No Barreiro, um balcão para devorar toda a região
O Voraz abriu há menos de um ano e já deu muito que falar. A culpa é dos chefs Tiago Santos e Bruno Xavier, que insistem em fazer do Barreiro ponto de convergência para tudo o que há de bom na região.
Caiu que nem um meteorito. Numa cidade que não é, propriamente, o primeiro destino que vem à memória quando se pensa em matérias gastronómicas, dois chefs da Margem Sul, Tiago Santos e Bruno Xavier, decidiram ver o copo meio cheio: onde não existia qualquer restaurante de cozinha de autor, vislumbraram a oportunidade de começar algo com potencial transformador.

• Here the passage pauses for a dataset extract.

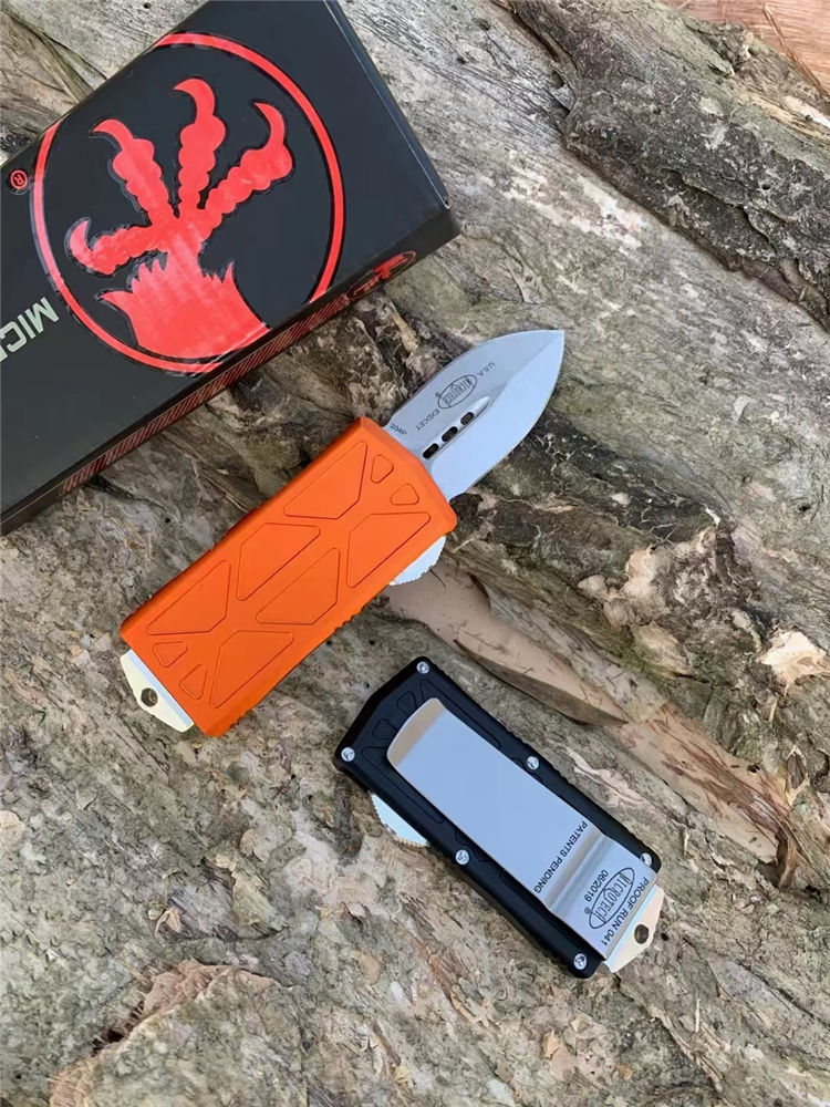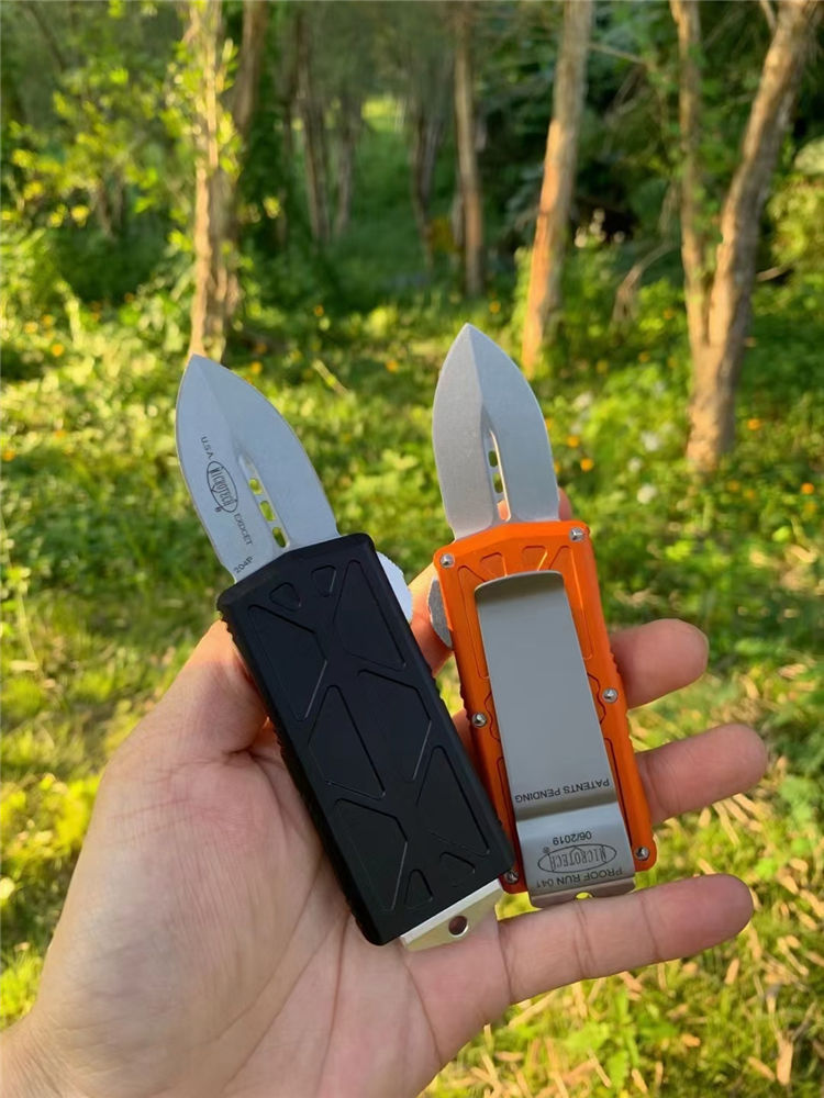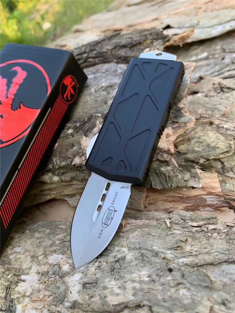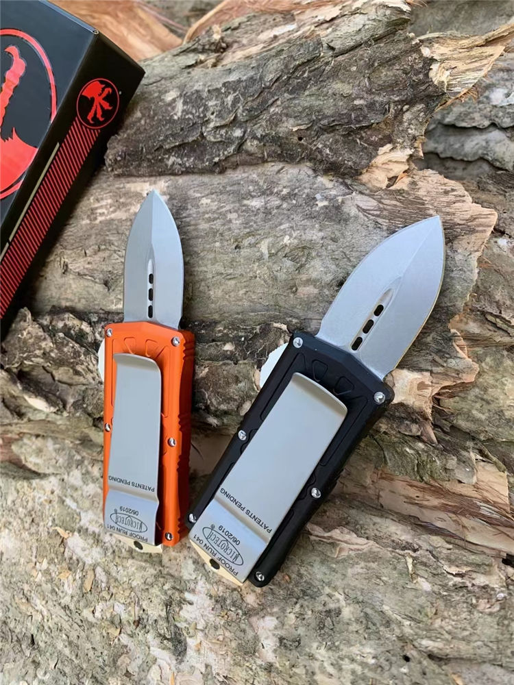 微技术Exocet飞鱼钱夹直出跳刀 全长:14.2cm 刃长:4.9cm 柄长:9.3cm 刃宽:2.8cm(最宽处) 刃厚:0.2cm 刃材:D2高速钢 手柄:航空铝(CNC) 硬度:59-60HRC 表面:发黑/喷砂 重量:96g(净重) 包装:彩盒

O Voraz não é só um restaurante – são quatro, na verdade. Quatro balcões no Mercado 1.º de Maio no centro do Barreiro, no meio do próprio mercado, entre bancas de fruta, de vegetais, de peixe. Afinal, o produto está no centro das atenções – e aqui não é mero chavão estafado de chef. Mais do que ser apenas restaurante, o Voraz envolve um projecto de território, em diálogo com produtores, clientes e a restante restauração.

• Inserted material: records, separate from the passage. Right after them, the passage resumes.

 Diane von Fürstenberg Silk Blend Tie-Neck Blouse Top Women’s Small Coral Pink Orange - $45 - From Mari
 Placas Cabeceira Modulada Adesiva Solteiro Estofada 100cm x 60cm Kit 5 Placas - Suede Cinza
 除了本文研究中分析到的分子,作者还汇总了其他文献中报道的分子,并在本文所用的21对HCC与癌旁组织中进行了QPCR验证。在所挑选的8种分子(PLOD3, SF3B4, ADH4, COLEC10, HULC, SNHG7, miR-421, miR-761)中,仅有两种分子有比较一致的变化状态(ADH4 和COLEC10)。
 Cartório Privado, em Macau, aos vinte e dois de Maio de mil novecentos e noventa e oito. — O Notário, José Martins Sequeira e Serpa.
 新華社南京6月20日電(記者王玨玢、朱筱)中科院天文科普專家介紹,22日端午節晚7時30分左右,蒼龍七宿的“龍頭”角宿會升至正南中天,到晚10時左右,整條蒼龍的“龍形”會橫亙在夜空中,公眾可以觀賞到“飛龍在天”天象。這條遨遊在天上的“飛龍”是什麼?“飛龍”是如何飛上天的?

Junto a uma das entradas do edifício está o balcão Rûto Izakaya, voltado para as cozinhas asiáticas, com a japonesa em destaque e o sushi ao centro. Com particularidades que mostram logo ao que vem o Voraz. “Salmão, não temos”, avisa logo Tiago Santos. “Mas de vez em quando posso ter truta salmonada.” E não é só uma questão de querer ter peixe português, vão mesmo ao detalhe de ter peixe local, do estuário do Tejo. Tiago mostra com orgulho uma tainha-liça, de fundo (não confundir com aquela que vê se aos magotes à superfície), “Vejam que beleza de lombo”.

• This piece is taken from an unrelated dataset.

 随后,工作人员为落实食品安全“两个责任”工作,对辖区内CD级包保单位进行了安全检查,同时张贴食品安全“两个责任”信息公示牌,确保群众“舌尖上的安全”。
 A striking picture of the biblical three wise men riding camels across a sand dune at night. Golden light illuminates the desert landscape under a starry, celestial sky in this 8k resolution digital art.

Sob o chapéu da sustentabilidade, apostam em espécies invasoras, peixes vorazes como a corvinata, que nas águas salobras do Mar da Palha pode ultrapassar os 20 quilos, e o siluro, que é apanhado a montante e chega a ser maior do que um homem adulto. Pelas mãos do chef Douglas Prates, ganham a forma de maki, sashimi e nigiri, ao lado de sardinhas, carapaus e outras espécies da costa. O arroz, esse é da Lezíria. “O princípio foi pensar: o que faria um sushiman japonês que viesse viver para o Barreiro?”
Regra: “Aquilo que entendermos fazer”
O espírito não muda nos restantes balcões, agrupados no centro da nave do mercado. Um dedicado à pastelaria, onde são feitas as sobremesas, outro de bar, chamado Roastelier porque é ali feita a torrefacção do café, e o Raiz, que é o coração de todo o empreendimento. Aqui, a cozinha tem como regra não ter regra. “É aquilo que entendermos fazer”, resume Tiago.
Dentro das disponibilidades de estação, de produtores locais – a filosofia quilómetro-zero dita a prioridade –, mas sem cair no excesso de forçar aquilo que não existe. “Se tenho um produto melhor noutra região, não vou fazer ‘demagogia’”, admite Tiago, para apresentar o couvert, que junta azeite da Beira Baixa, manteiga açoriana e pão do Casal do Marco (Seixal).
Nessa regra de não haver regras cabem, por exemplo, uns choquinhos fritos pré-confeccionados a vácuo, capazes de deixar muitos setubalenses sem chão, mas também rissóis de lamejinha, um bivalve apanhado no estuário do Tejo (e depurado), com um copioso arroz de tomate ou de grelos, consoante a época. Ou umas vieiras (“japonesas, não vale a pena inventar, as nacionais não se lhes comparam”) servidas em molho wafu com cogumelos shiitake produzidos no concelho do Montijo e colhidos segundo especificações do chef. O prato, esse é daqueles que reconfortam em dias frios, e come-se à colher, para não perder nada.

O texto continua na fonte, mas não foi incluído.